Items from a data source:
--- START ---

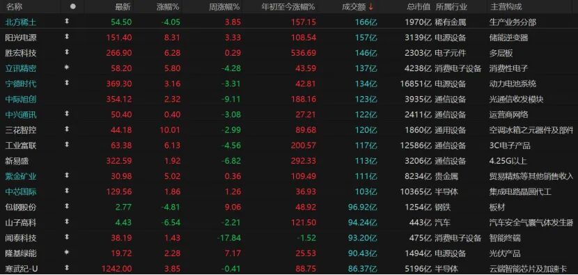 从日成交额较大的个股来看,今日仅有12只个股的日成交额超过100亿元。其中,北方稀土成交额最高,但日内下跌逾4%;阳光电源涨幅超过8%,宁德时代涨逾3%;中际旭创、新易盛均涨约2%;中芯国际涨近2%。
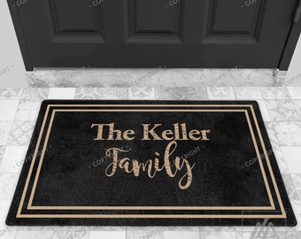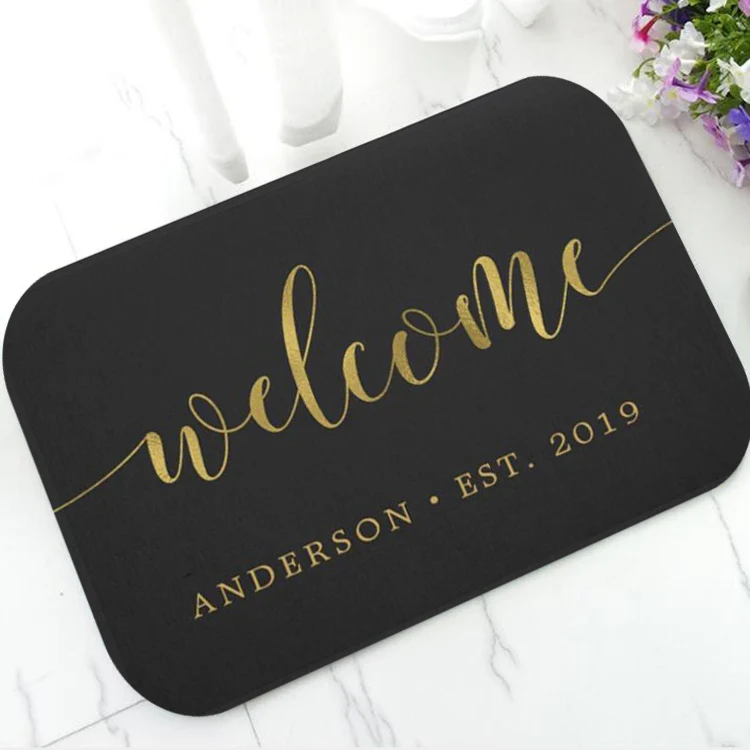 Trendy Black And Gold Welcome Script Personalized Doormat Custom
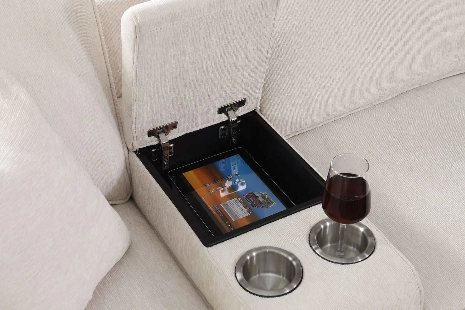 - Features: Center cupholder console with integrated USB port; removable back cushions for easier cleaning and re‑arrangement; armless chairs can be re-positioned within the composition for layout flexibility.
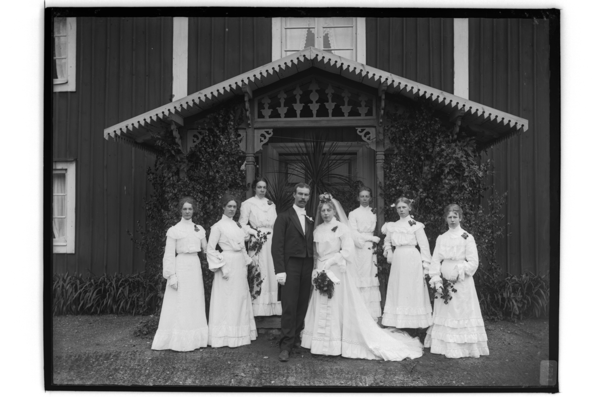 Bröllop. Brudpar och sex tärnor. Bruden helt i vitt, med slöja. Brudgummen i frack.
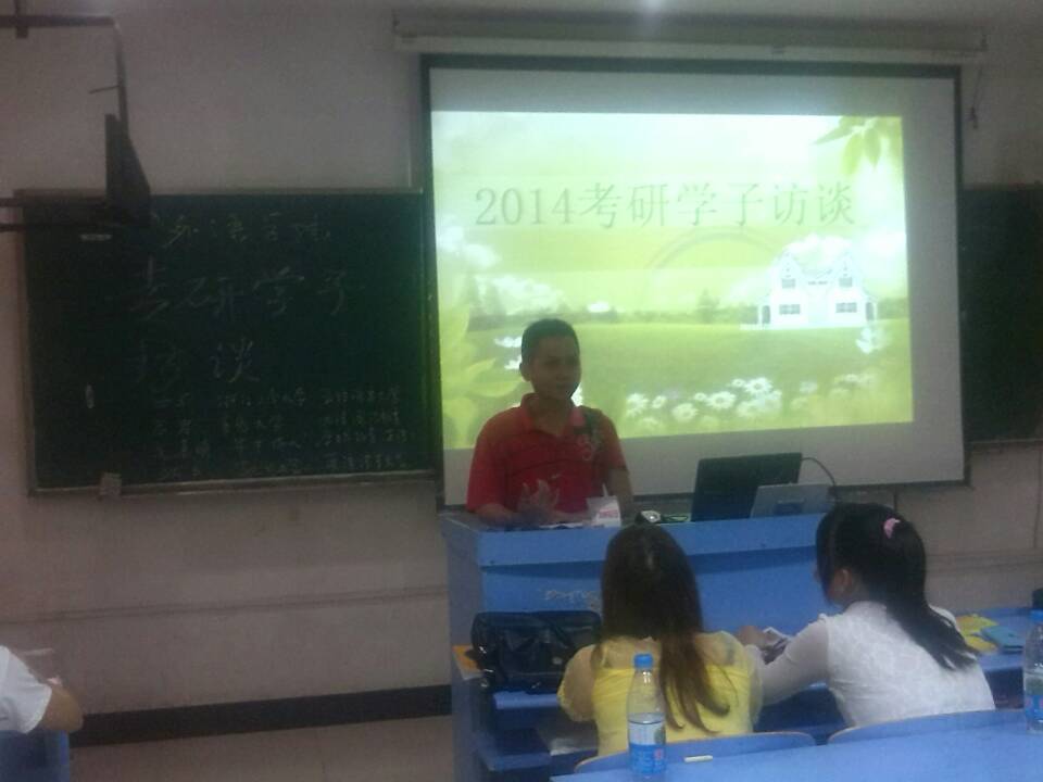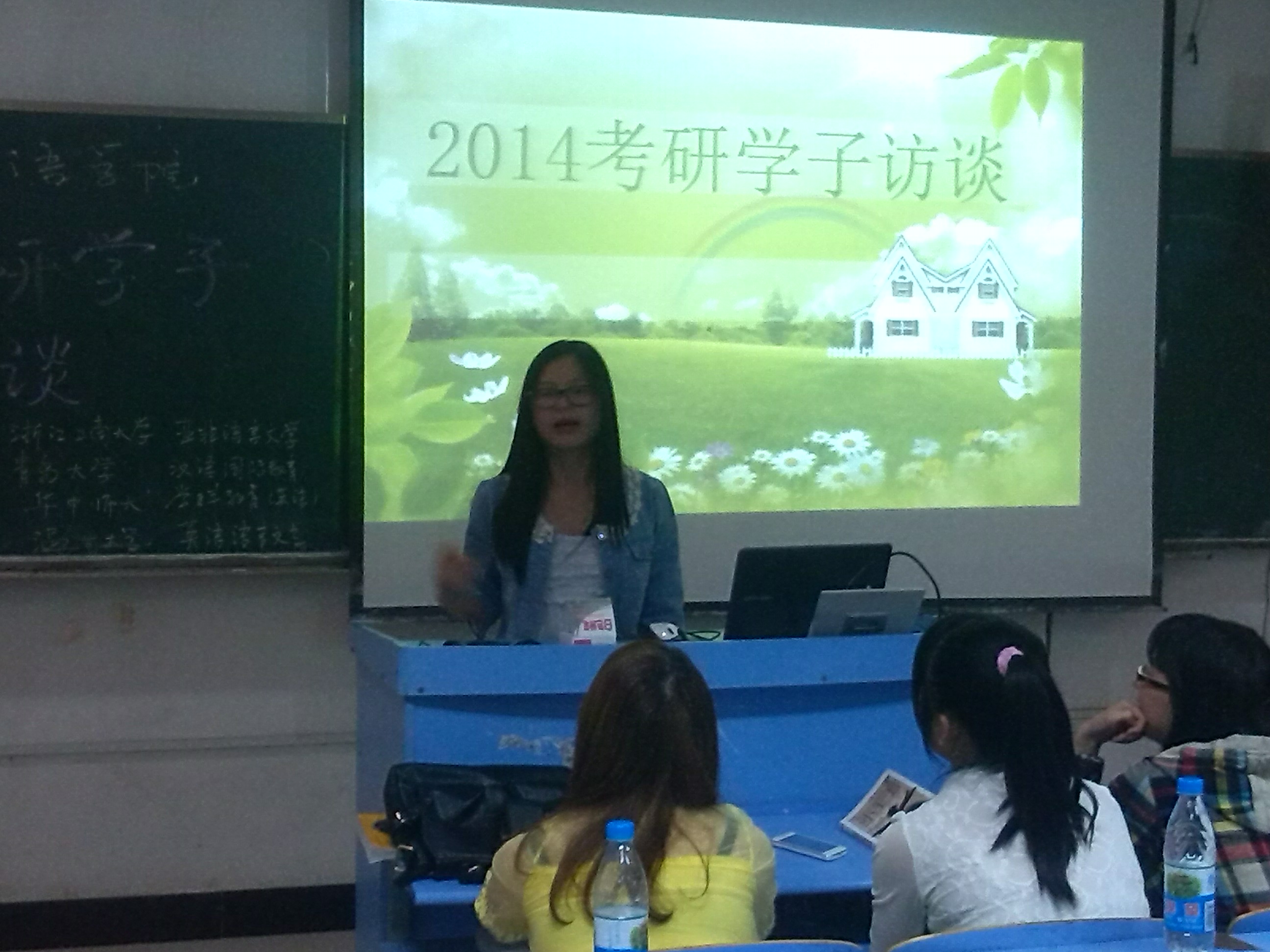 本次考研学子访谈吸引了我院200多名有志于考研的学生参加,并邀请到了成功考取研究生的10级学长、学姐与我们进行考研经验交流。首先,全体学生观看了学院历届具有代表性的成功考研学长学姐的感想和对学弟学妹们的祝福。康旭平针对如何准备考研给在场的学生提出了几点建议,一要有足够的信心,用功学习,提早做准备;二要根据实际情况,放低心态,坚定目标,坚持不懈;三要掌握方法,做好学习计划安排。随后,在与10级学长学姐的互动中,本次访谈的气氛达到了高潮。
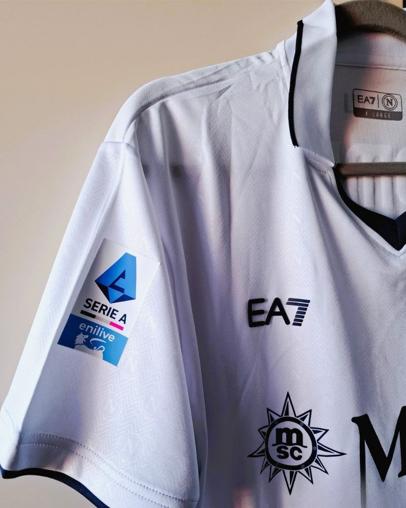 La maglia del Napoli della stagione 2024-25 con il numero 8 di SCOTT Mc TOMINAY celebra la tradizione del club azzurro. Arricchita dalla patch della Serie A, esalta la personalizzazione del forte centrocampista scozzese ad elevarne ulteriormente il prestigio
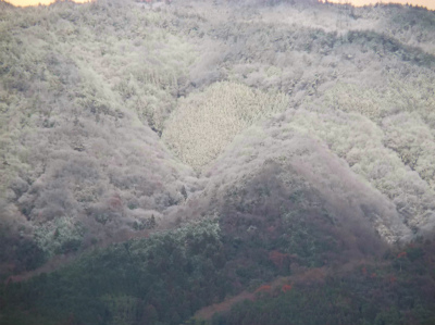 昨日に比べて、風は止んだのでそんなに寒い感じはしなかったが、どっこい早朝散歩時、洛西の山並みは、霜景色であった。うかつにも、公園の路面凍結に気づかず滑ってころんでしまった。
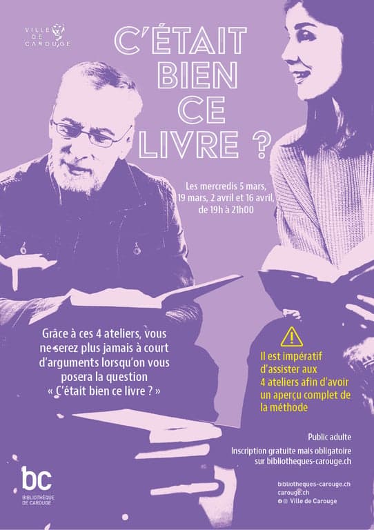 Inscription gratuite mais obligatoire : https://www.bibliotheques-carouge.ch/Default/doc/CALENDAR/330/c-etait-bien-ce-livre

--- END ---

The answer must be an exact copy of the entries, with the pictures omitted.

Task solution >>
 从日成交额较大的个股来看,今日仅有12只个股的日成交额超过100亿元。其中,北方稀土成交额最高,但日内下跌逾4%;阳光电源涨幅超过8%,宁德时代涨逾3%;中际旭创、新易盛均涨约2%;中芯国际涨近2%。
 Trendy Black And Gold Welcome Script Personalized Doormat Custom
 - Features: Center cupholder console with integrated USB port; removable back cushions for easier cleaning and re‑arrangement; armless chairs can be re-positioned within the composition for layout flexibility.
 Bröllop. Brudpar och sex tärnor. Bruden helt i vitt, med slöja. Brudgummen i frack.
 本次考研学子访谈吸引了我院200多名有志于考研的学生参加,并邀请到了成功考取研究生的10级学长、学姐与我们进行考研经验交流。首先,全体学生观看了学院历届具有代表性的成功考研学长学姐的感想和对学弟学妹们的祝福。康旭平针对如何准备考研给在场的学生提出了几点建议,一要有足够的信心,用功学习,提早做准备;二要根据实际情况,放低心态,坚定目标,坚持不懈;三要掌握方法,做好学习计划安排。随后,在与10级学长学姐的互动中,本次访谈的气氛达到了高潮。
 La maglia del Napoli della stagione 2024-25 con il numero 8 di SCOTT Mc TOMINAY celebra la tradizione del club azzurro. Arricchita dalla patch della Serie A, esalta la personalizzazione del forte centrocampista scozzese ad elevarne ulteriormente il prestigio
 昨日に比べて、風は止んだのでそんなに寒い感じはしなかったが、どっこい早朝散歩時、洛西の山並みは、霜景色であった。うかつにも、公園の路面凍結に気づかず滑ってころんでしまった。
 Inscription gratuite mais obligatoire : https://www.bibliotheques-carouge.ch/Default/doc/CALENDAR/330/c-etait-bien-ce-livre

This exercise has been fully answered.